SHEPPERD: Well, its standard orders with one being changed again from the old days, the old standing orders were that you were to join up on the airplane and basically trail it out of sight and tell the FAA where it's going. Now, of course, with the orders being that there is the possibility that you will have to shoot down an aircraft if the aircraft is deemed to be a threat to something on the ground such as what happened with the collision with the World Trade Center.

On the other hand, in this particular case, the pilots obviously knew what was going on, were communicating with the FAA, were likely being told to simply join up alongside the airplane and try to communicate with hand signals with the pilot and through the FAA as well, finding out what's going on inside.

The F-15 pilots can't talk directly to the airliners.

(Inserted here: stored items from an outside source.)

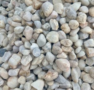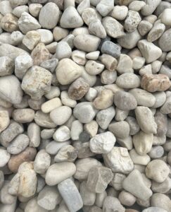 2″ white/tan river rock, most commonly used in landscape beds. The stones come in a range of very light to some brown shades.
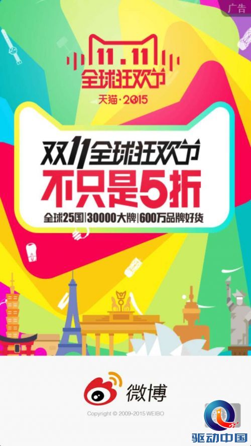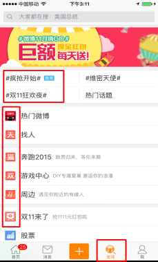 把天猫这次双11主要的三个话题阅读量相加,总和超过30亿,讨论量相加超过5300万,这相当于每个微博活跃用户要看到15次相关的话题,四个微博活跃用户就有一个参与了天猫双11的话题讨论,如此高的数据显示出此次双11狂欢节正形成全民参与之势。 除此之外,为了推广国际业务,天猫还在在双11期间在微博上发起了每天一个超级国家日活动。如在10月22日的“英国主题日”就以#传说中的英国美食#为话题,引发了不少网友关于英国美食的讨论,获得了4467.1万的阅读量和39.9万的讨论量,而@英国驻华使馆的参与为话题添了一把火。“法国主题日”则以#法国红酒当水喝#为话题,引发了不少网友关于法国红酒的热议。 全面包装 营造节日气氛 从连续二十天不同主题的微博客户端开机报头广告,到客户端发现频道的深度定制,再到PC端微博右侧导航栏的天猫双11专区。整个双11期间,无论是PC端还是移动端,只要打开微博就能看到天猫散布在各处的狂欢活动信息。除了热门话题、右侧导航栏、发现页和开机报头等广告以外,甚至底部的发现按钮也被包装成了天猫的logo,这样的包装让微博上的每一个用户都能感受到天猫活动的氛围。
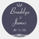Etiquetas de casamento náuticas redondas com âncora branca e texto branco impresso em fundo azul marinho com padrão de âncora
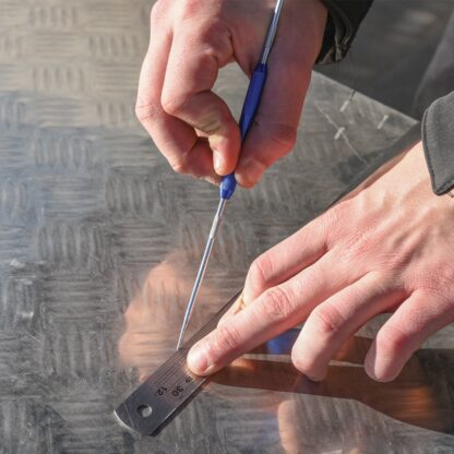 This product is ideal for marking metals and soft materials as a guide prior to cutting. It is made from durable heat treated carbon steel, has an anodised and knurled grip, includes both a straight and 90 degree angled tips and is finished with laser etched branding.
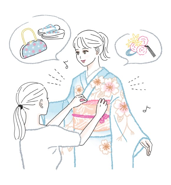帯やバッグ、髪飾りなどの小物のご相談もお任せください。
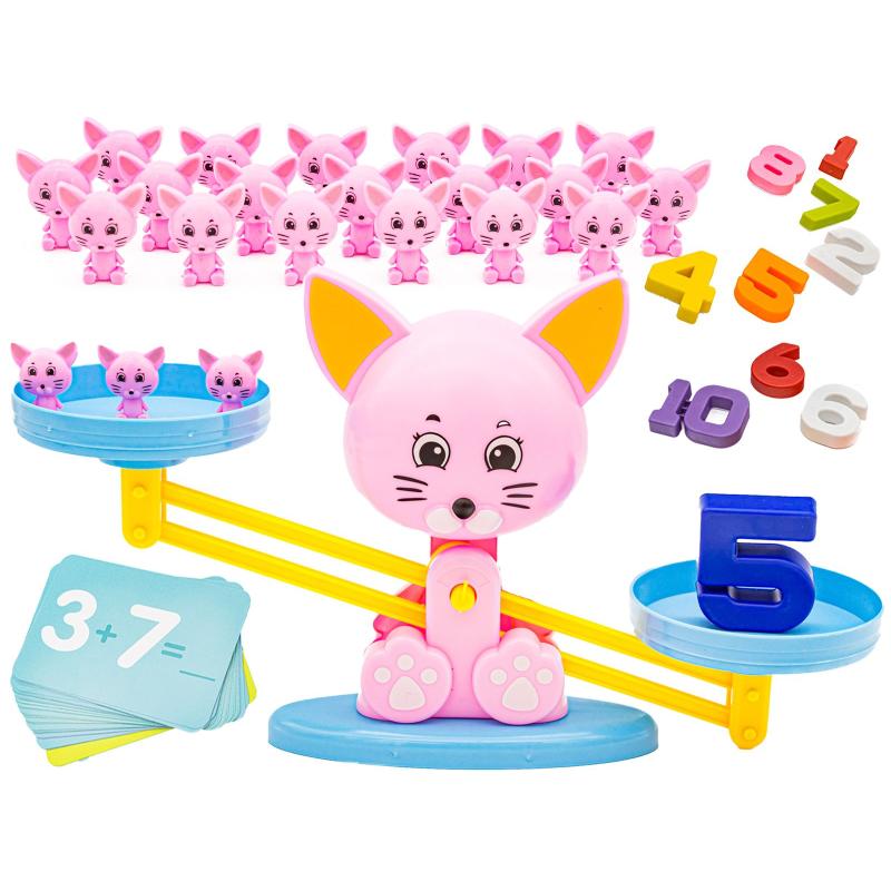 - W zestawie: kolorowa waga szalkowa, odważniki kotki, karty z zadaniami, cyferki, oryginalne opakowanie

They don't have a VHF radio at this time. Maybe down the line we'll equip them with that. But right now, they have to talk through the FAA. So it's just escort duties and keeping track of the airplane, landing assistance and being there of course if the airplane ever had to be brought down to the fatal order issued through the NORAD join of command.

O'BRIEN: What an awful order that would be. And just quickly, before we get away, I know you're not necessarily an expert in aviation security, but I find it very hard to believe that they allowed a person on an international flight without any checked baggage or for that matter even a carry on. All he had was his passport. Do you consider that a breach of security?

SHEPPERD: Well, I'll have to leave that to the FAA. I'm not sure what their triggers are. But it sure triggers it in my mind. And of course, the C-4 explosive that he likely had in his shoes, according to the reports, is not something that'll show up on a metal detector at all. So there are a lot of questions -- going to come out of this about what we're going to do about explosives, what we're going to do about shoes and then of course, the other triggers about how about hand baggage, no checked luggage, that type of thing. Lots of questions to be asked.

O'BRIEN: General Shepperd, you're a fountain of information as always. Thanks very much. We appreciate it.